Didn't It Rain is the second studio album by English actor and musician Hugh Laurie.

Recorded in Ocean Way Studios in Los Angeles in January 2013, the album contains several blues songs (like its predecessor, Let Them Talk ). Unlike his previous album, however, Laurie also branches further into other Southern US and South American genres, including jazz, R&B, and tango.

Similarly to Let Them Talk, Laurie once again plays piano and guitar, and often provides vocals.
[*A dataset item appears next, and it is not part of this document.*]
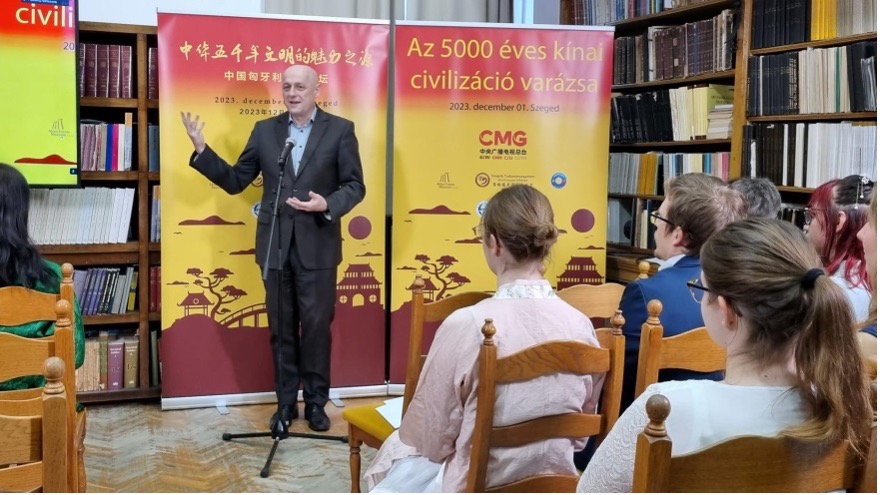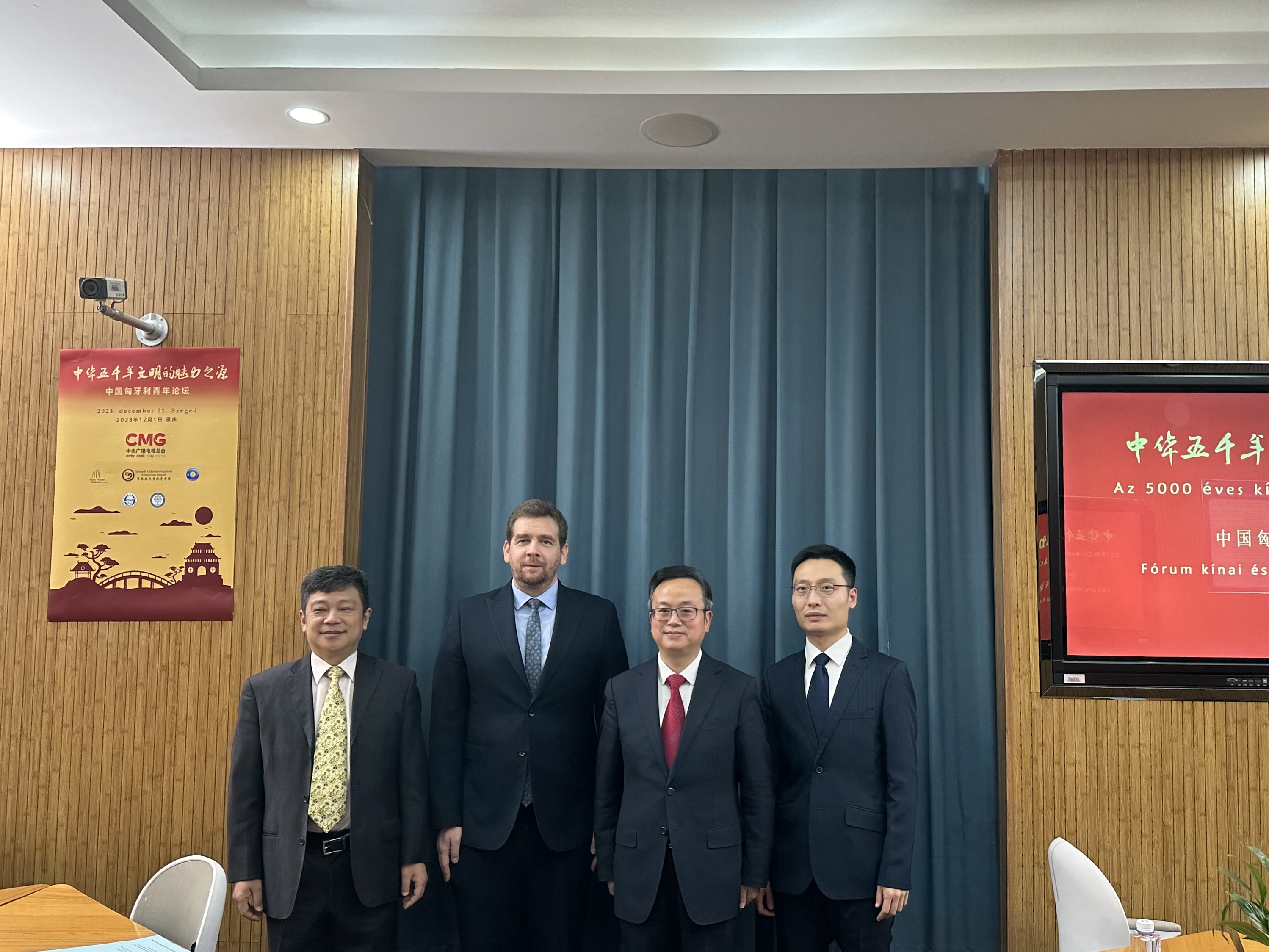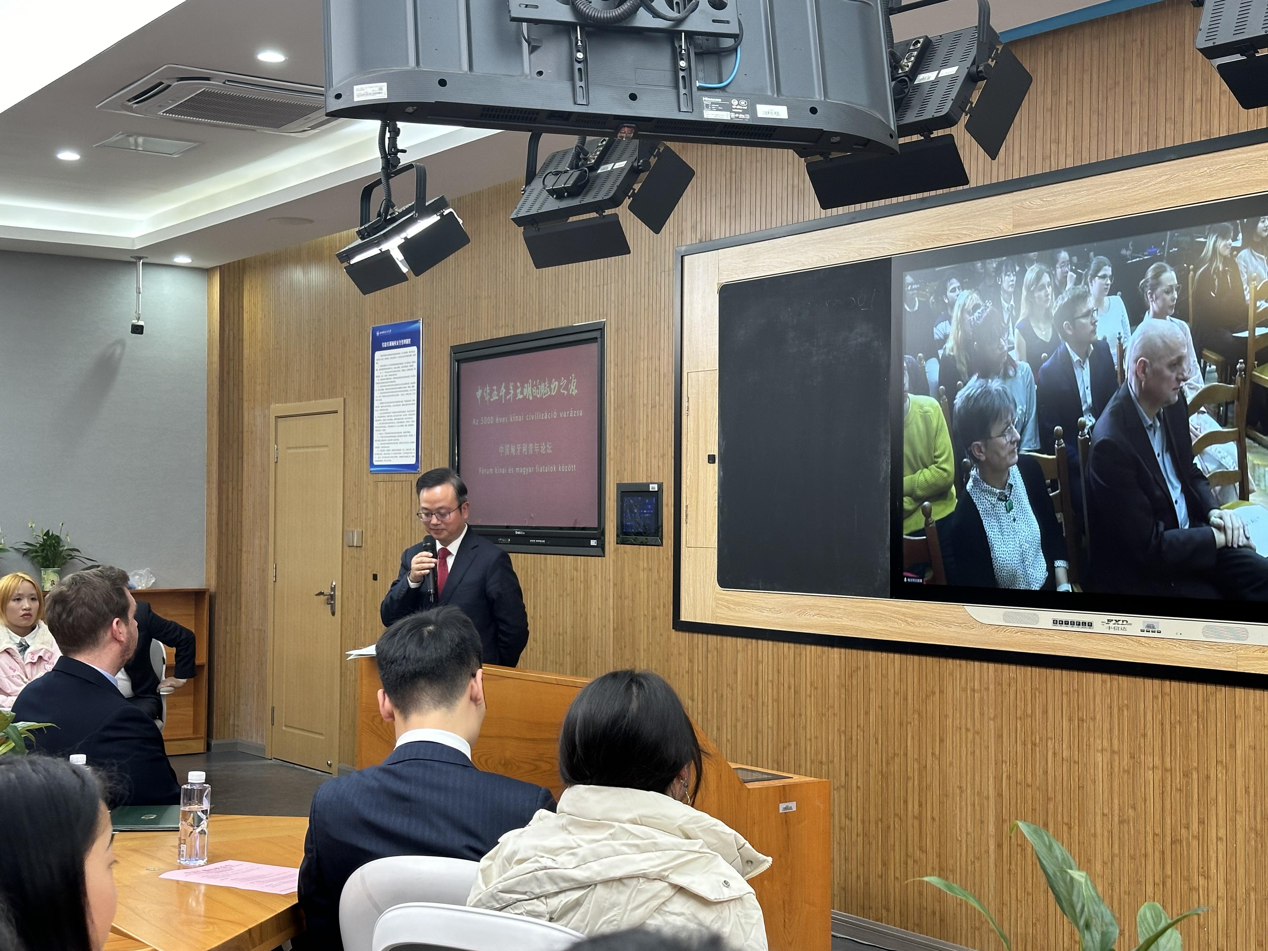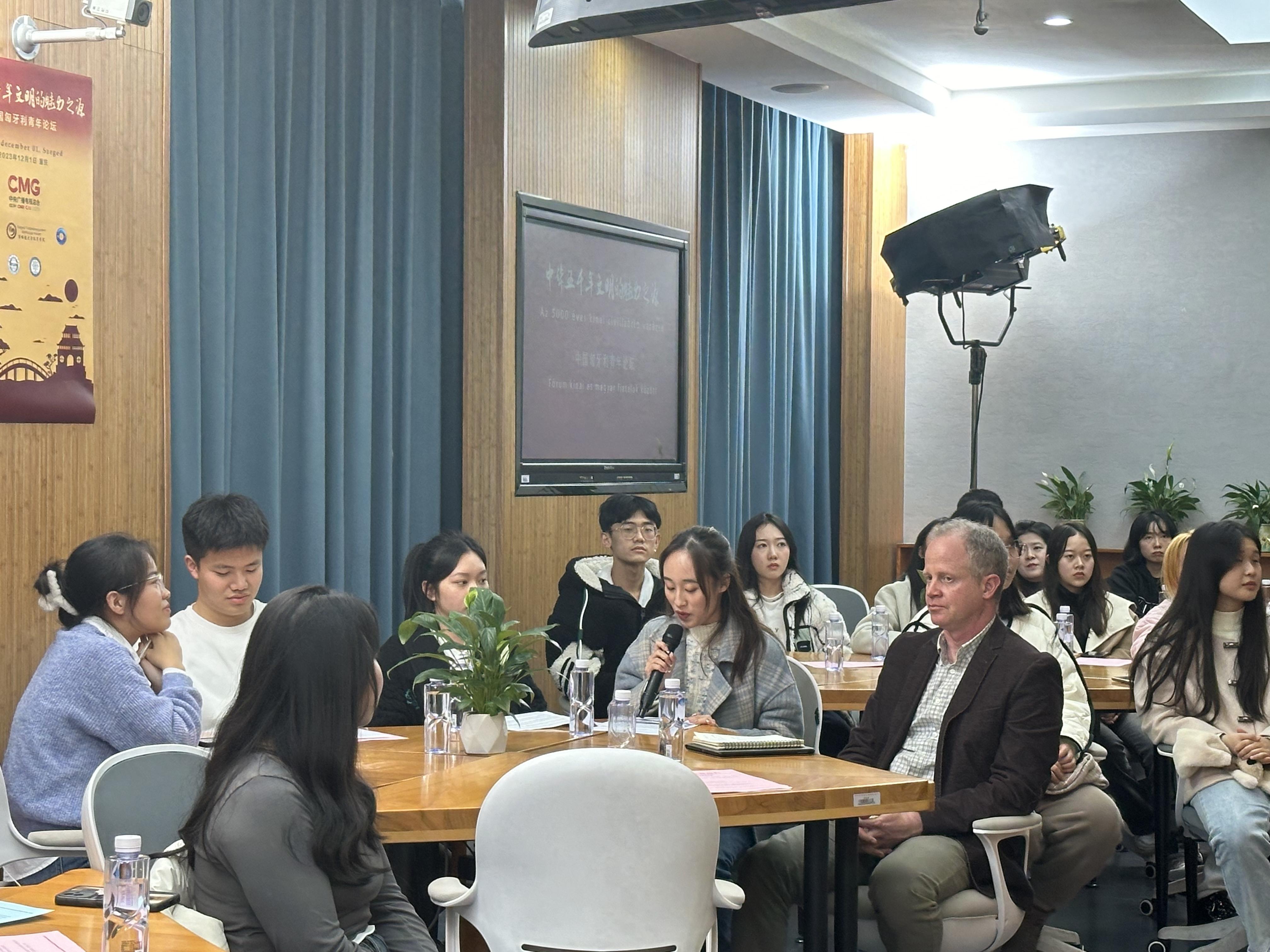 2023年12月1日,由中央广播电视总台和匈牙利布达佩斯中心电视台共同主办的“中华五千年文明的魅力之源——中匈青年对话”在中匈两地通过连线的方式成功举行。对话会上,塞格德市副市长纳吉·山多尔、匈牙利驻重庆总领事奇格尔·巴林特、太阳集团tyc122cc副校长祝朝伟教授、塞格德莫拉·弗朗茨博物馆副馆长巴恪尼·伊迪珂、匈牙利赛格德大学孔子学院匈方院长佐丹·亚历山大、北京外国语大学欧洲语言文化学院匈牙利语教研室主任许衍艺,中国社会科学院欧洲研究所助理研究员马骏驰先后做主题发言,中匈两国青年学生就中国文化进行了交流对话。本次论坛通过直播连线的方式进行,中国的主场设立在太阳集团tyc122cc。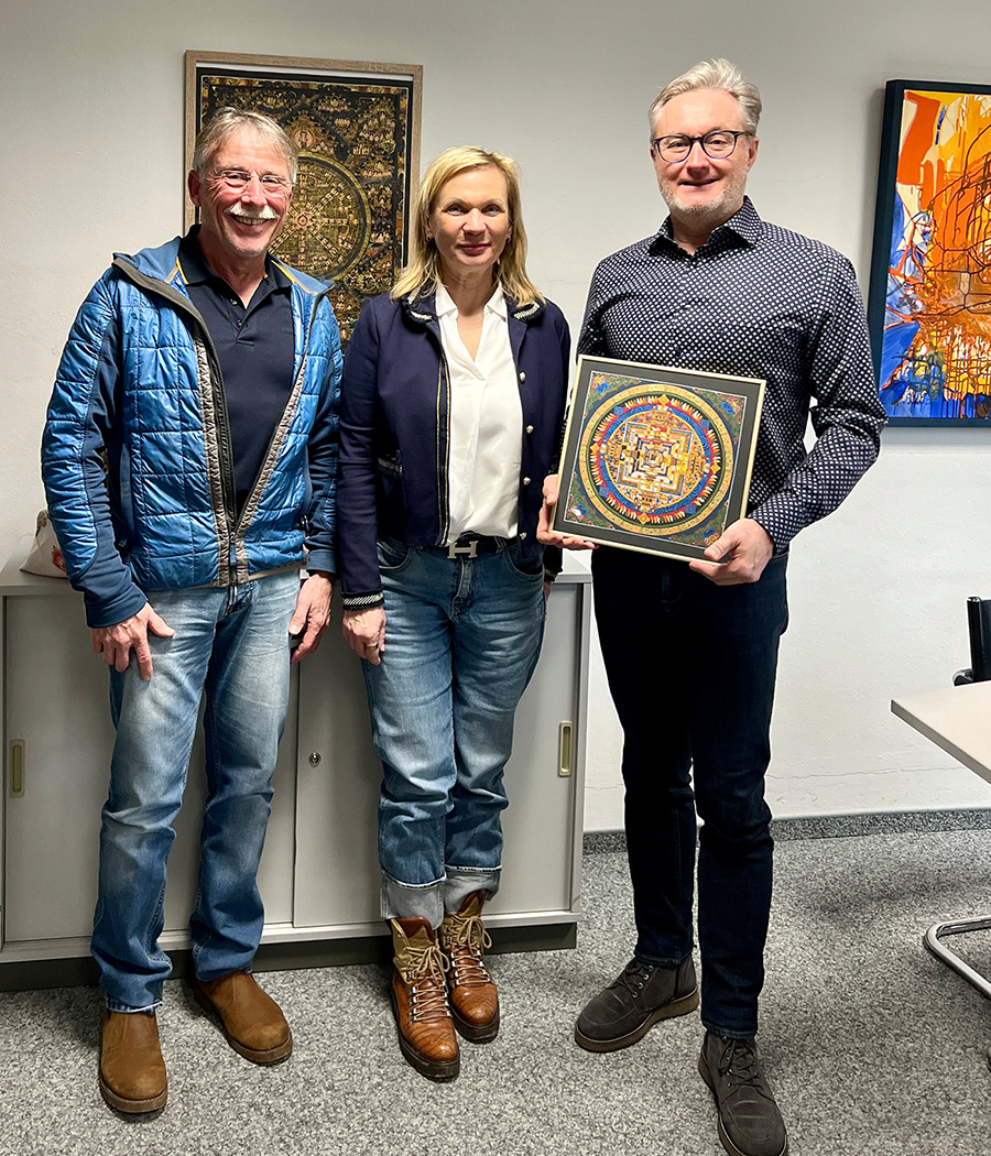 Der Vereinsvorsitzende Peter Meckler und seine Vorstandskollegin Katharina Hage bedankten sich für die großzügige Unterstützung persönlich und überreichten Gerald Vogt ein handgemaltes Mandala aus Nepal. Das Geld fließt u.a. in Renovierungen, gendergerechte Toilettenneubauten und Lehrerfinanzierungen an Schulen im Himalaya.

Additionally, Laurie is joined by guest musicians Gaby Moreno, Jean McClain, and Taj Mahal, and is supported throughout by the Copper Bottom Band.

Didn't It Rain was released in the UK on 6 May 2013, with iTunes providing pre-order and digital releases, and Amazon providing vinyl prints and a special book edition. As a promotion for a Huffington Post interview regarding Laurie's album and upcoming tour, the album had a 24-hour free streaming period in several countries. It was released in the United States on 6 August 2013.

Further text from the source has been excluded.